Every line below from the one with "Elegantní, ale zároveň" through the one with "16pcs Square Golden" is to be repeated exactly, with no picture among them.

(Stored entries)

• • •

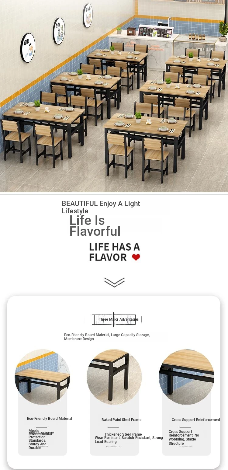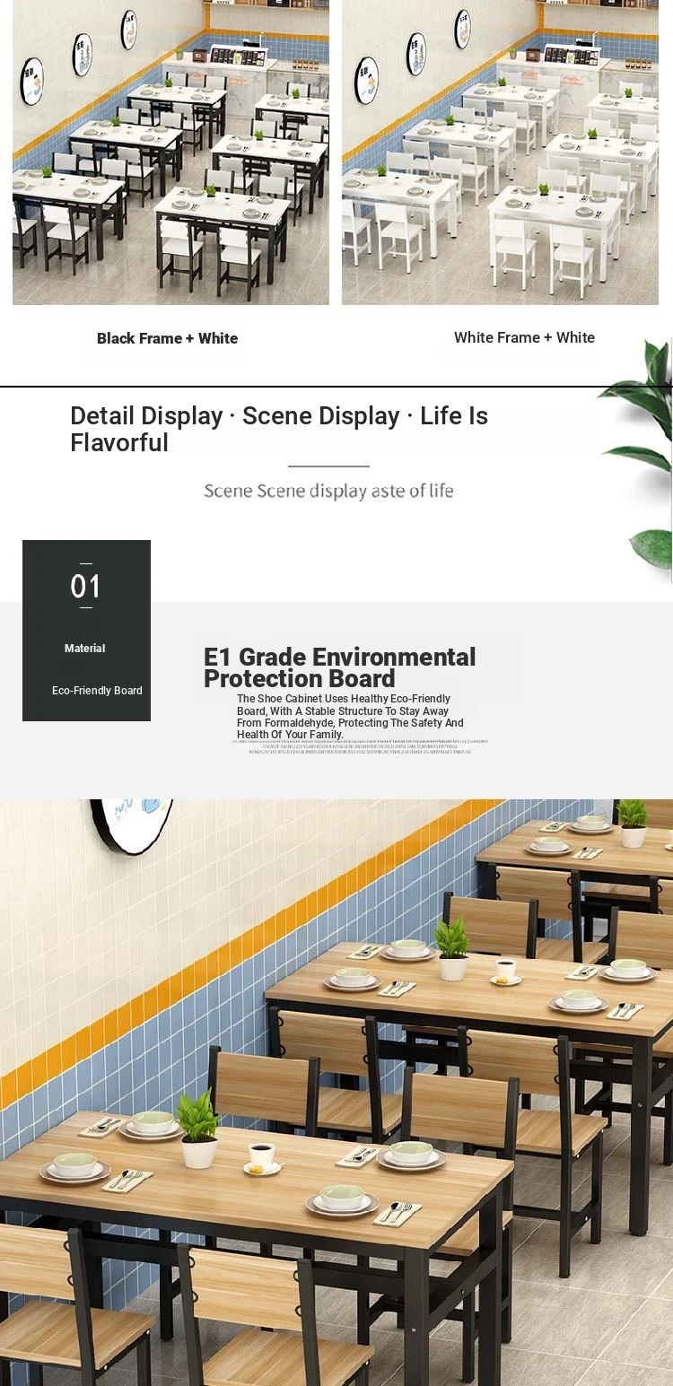 Rectangular Dining Table and Chair Set for Snack Bars, Noodle Shops, Cafes, and Home Use – Perfect for Breakfast, Quick Meals, and Commercial Dining Spaces
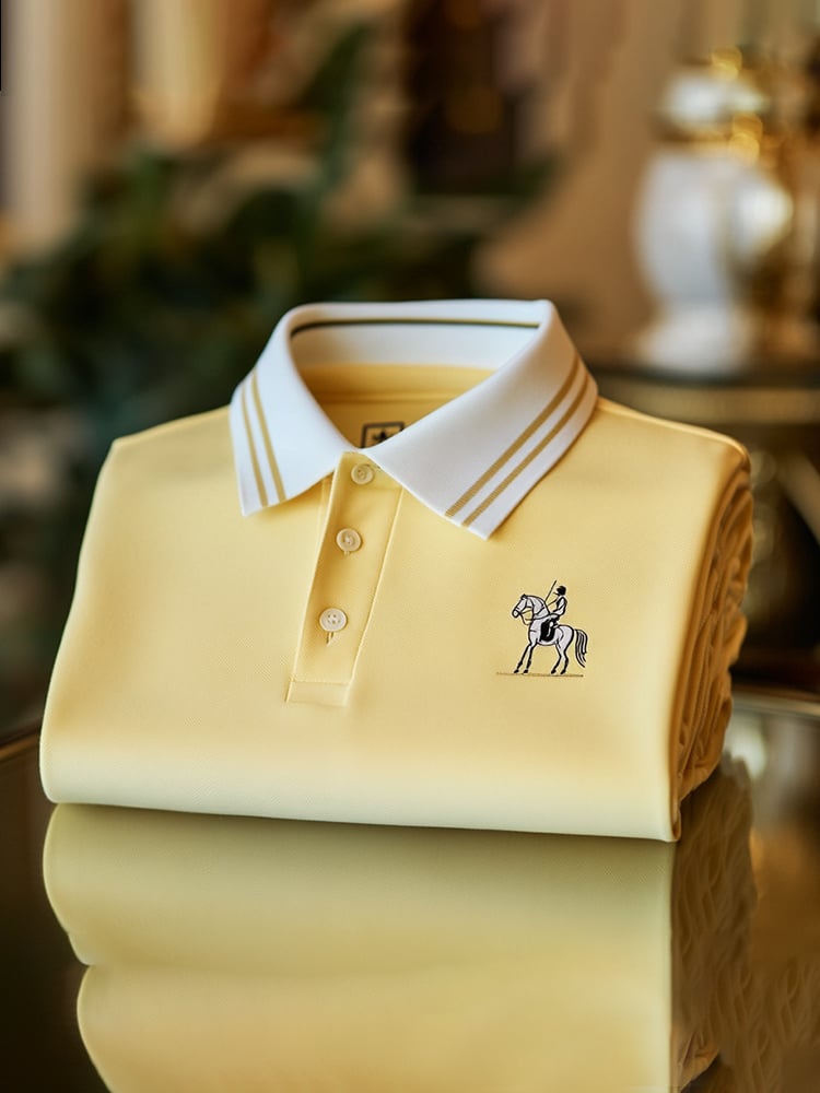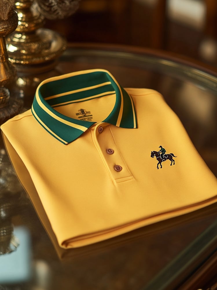 Men's Casual Yellow Logo Button Short Sleeve Polo Shirt
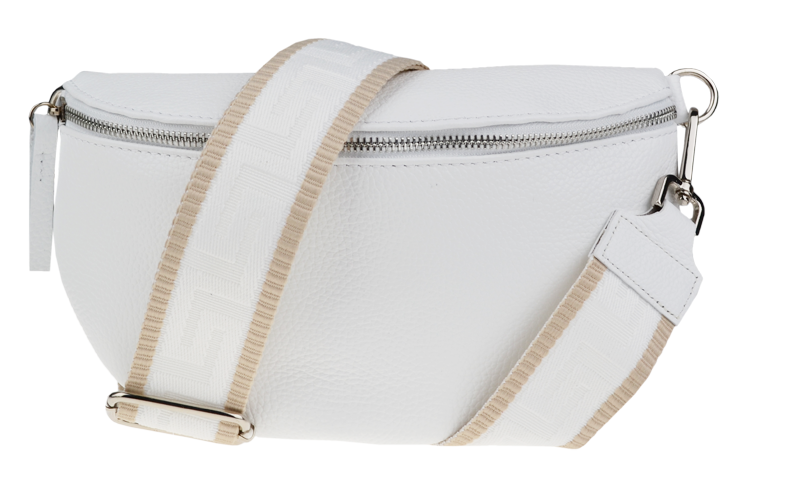 Elegantní, ale zároveň velmi praktická bílá ledvinka malých rozměrů vyrobena z pravé kůže.
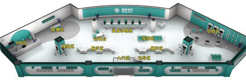 本項目應用VR 虛擬現實技術,開發(fā)互動營業(yè)廳虛擬現實場景應用,可實現業(yè)務辦理、故障報修、咨詢服務、電 費繳納等立體演示功能。
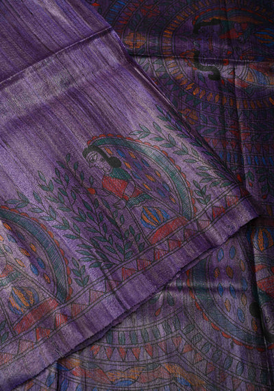 Purple Desi Tussar Madhubani Hand-Painted Saree | SILK MARK CERTIFIED
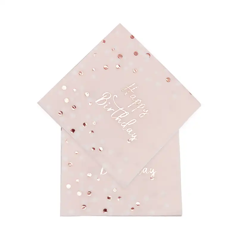 16pcs Square Golden Dot Pink Princess Happy Birthday Letter Napkin
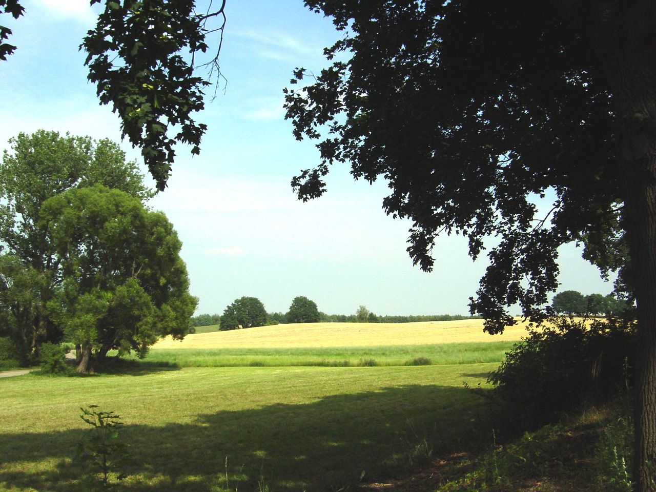 Die Aue in Lübars ist die einzige der zahlreichen Dorfauen Berlins, die tatsächlich noch im Mittelpunkt eines dörflichen Geschehens liegt. Ein Barockkirchlein von 1793, ein Feuerwehrhaus, das Schulhaus mit schönem Bauerngarten und alte Eichen, Eschen, Kastanien und Maulbeerbäume bilden das kleine Auenrund. Darum liegen in engem Kreis Reiterhöfe, einstöckige Bauernhäuser mit klassizistischen Stuckfassaden, ein strohgedecktes Kossätenhaus, der große, alte Dorfkrug und der „Labsaal“, ein schöner, historischer Gasthaussaal, der als Veranstaltungsort dient, und dessen Programm sich zu kennen lohnt, wenn man Lübars besuchen will. Nach Norden geht der Blick über Pferdekoppeln hinunter in das Tegeler Fließ, eine eiszeitliche Abflussrinne, die sich vom Höhenzug des Barnim bis zum Tegeler See hinzieht. In großen Schleifen durchfließt ein Wiesenbach das mit schönen Wegen erschlossene und unter Vogelkundlern sehr beliebte Tal. Wer Lübars nach Osten hin, in Richtung Blankenfelde, verlässt, gelangt auf eine von Bäumen und Feldern gesäumte Chaussee, deren Wirkung auf den landschaftshungrigen Großstädter geradezu überwältigend ist
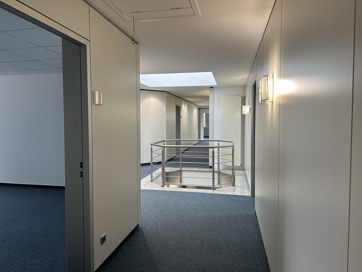Dank großer Fensterfronten sind die Räumlichkeiten lichtdurchflutet und bieten eine freundliche Atmosphäre, die zum produktiven Arbeiten beiträgt.
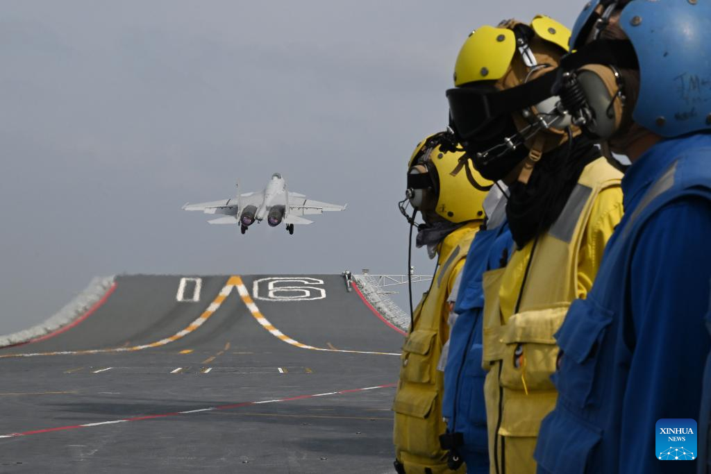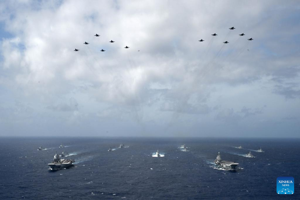 The formation of Chinese aircraft carrier Liaoning carry out a regular real-combat training in the high seas in late October 2024. The formations of Chinese aircraft carriers Liaoning and Shandong carried out a dual aircraft carrier formation exercise for the first time in the South China Sea, as part of the Liaoning aircraft carrier formation's regular real-combat training in the high seas, which concluded recently. (Photo by Pu Haiyang/Xinhua)
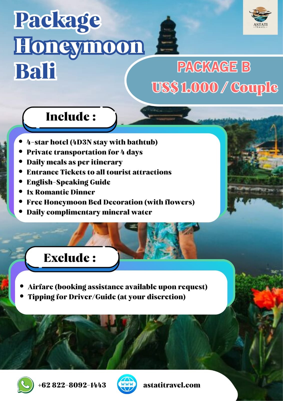 - Free Honeymoon Bed Decoration (with flowers)
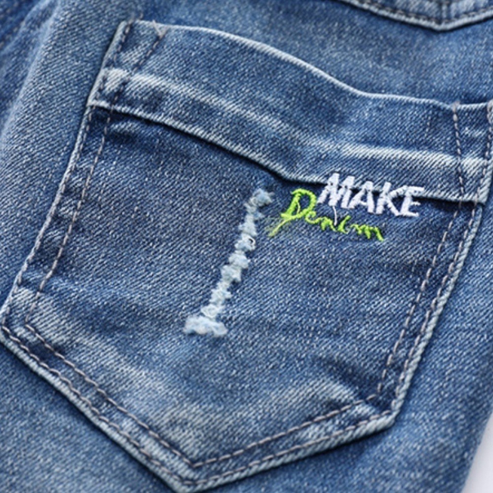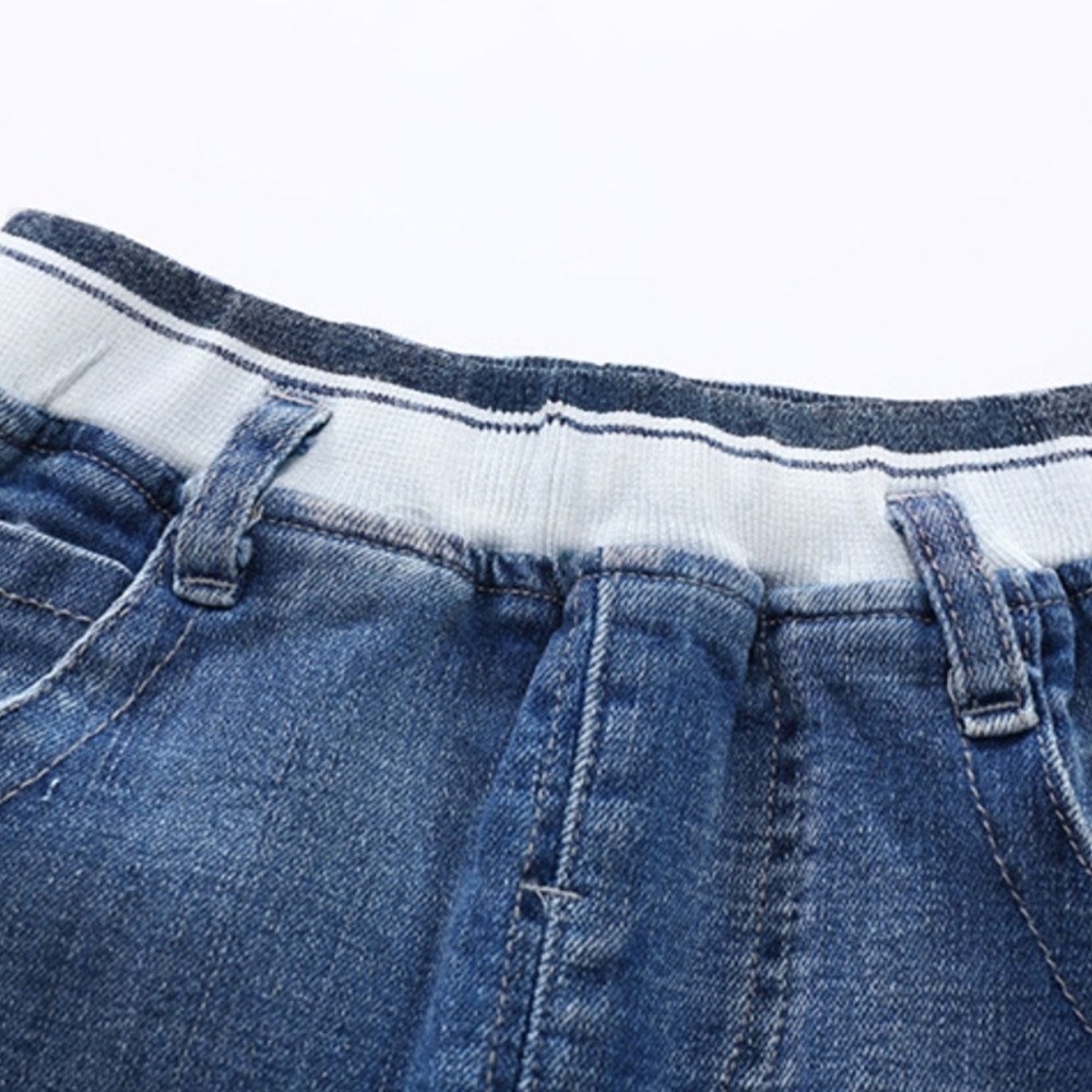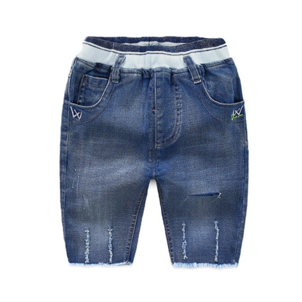 刺繡字母褲腳鬚邊牛仔褲 五分褲 七分褲 休閒褲 褲子 橘魔法 現貨 兒童 中童 【BB6769】
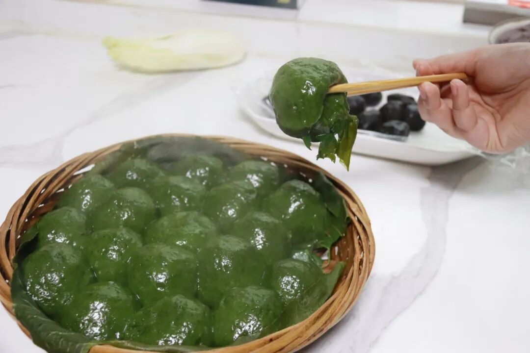 随后,裴阿姨将菜叶和温水、糯米粉按照比例倒在一起,揉成面团。揪一小块面团,放入一勺自制的豆沙馅,慢慢收口揉匀,一个个圆滚滚、青绿色的青团就做好了。蒸制十分钟,软糯的青团冒着热气出锅。咬上一口,外皮软糯不粘牙,细腻的豆沙馅带着淡淡的桂花甜香,甜而不腻,满口清香。
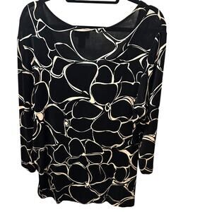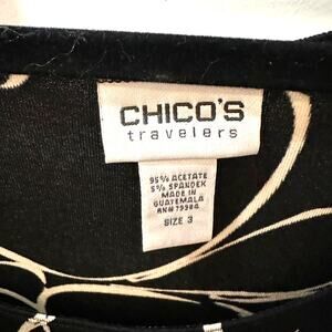 Chico's Travelers Black Beige Abstract Floral Tunic Top Size 3
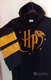 bellissima!!, felpa da donna invernale qualità Erry Potter!, con il logo simbolico e importante della casata dei grifon d'oro, modello a maniche lunghe con cappuccio regolabile, colore sul nero tenue e oro, vi è mostrato che dentro e lievemente felpato, non ne troppo pesante normale grado di calore, tutto e sempre come da foto e descrizione, e lievemente elastico, la parte in oro e luminosa e brillante! ,taglia 14/ che corrisponde e veste solo una taglia 40/ e 42/ devi essere magra, aderisce indossato, altezza felpa, 60/ cm./ ascelle 49/ cm./ spalle circa 44/ 45/ cm./ maniche lunghe circa 56/ cm./ larghe 19/ 20/ cm./ indossato solo 3/ volte lavato igenizzato in ottime condizioni, possibilità di ritiro a mano spese di spedizione da concordare, l'imballaggio sarà adattato e curato, stupenda!!.🤩😍
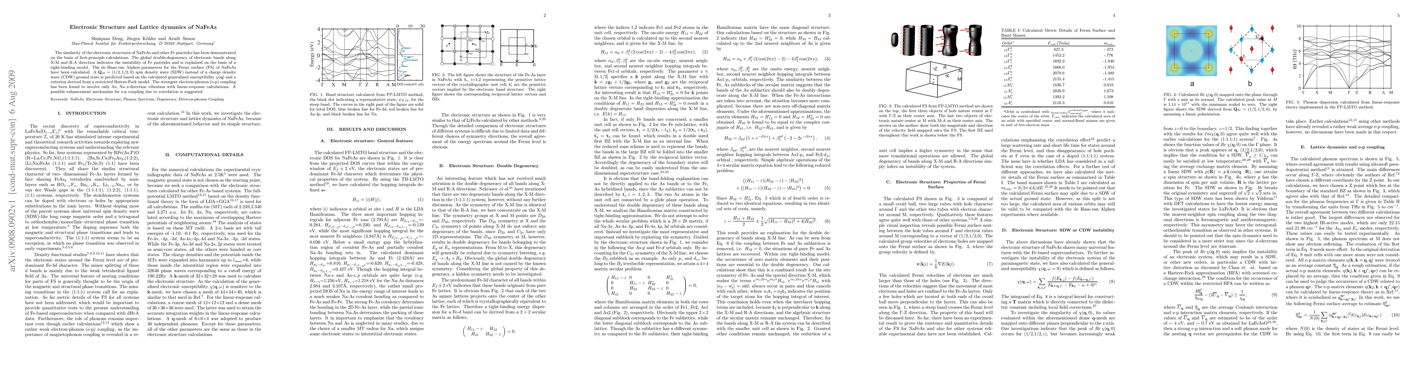 Research on NaFeAs reveals a global double-degeneracy in electronic bands and predicts a spin density wave ground state with the strongest electron-phonon coupling involving As and Na vibrations.
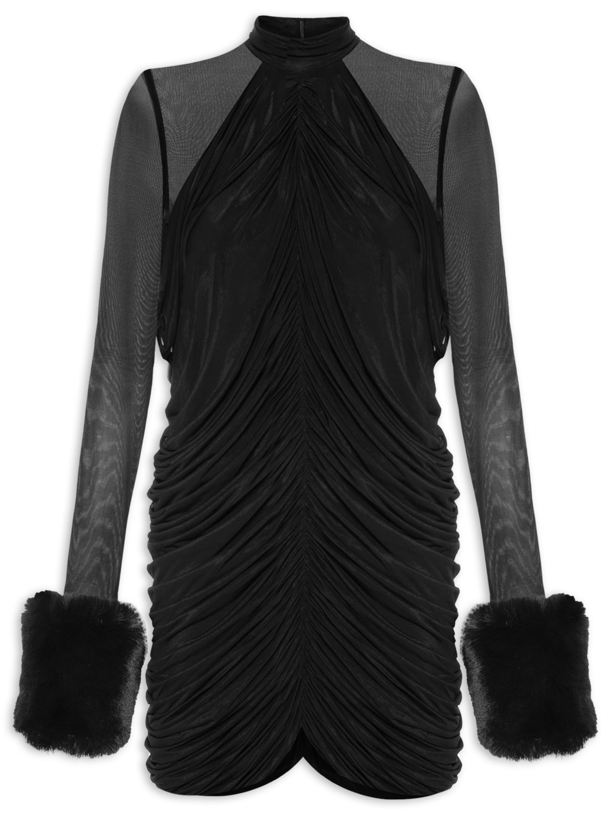O vestido preto é confeccionado em tule de média elasticidade. A peça justa ao corpo possui gola alta, mangas longas com punhos removíveis em pelúcia, recorte sobreposto com efeito drapeado na parte frontal e posterior, transparência, comprimento curto e fechamento posterior por zíper invisível.

• • •

= Response box =
 Elegantní, ale zároveň velmi praktická bílá ledvinka malých rozměrů vyrobena z pravé kůže.
 本項目應用VR 虛擬現實技術,開發(fā)互動營業(yè)廳虛擬現實場景應用,可實現業(yè)務辦理、故障報修、咨詢服務、電 費繳納等立體演示功能。
 Purple Desi Tussar Madhubani Hand-Painted Saree | SILK MARK CERTIFIED
 16pcs Square Golden Dot Pink Princess Happy Birthday Letter Napkin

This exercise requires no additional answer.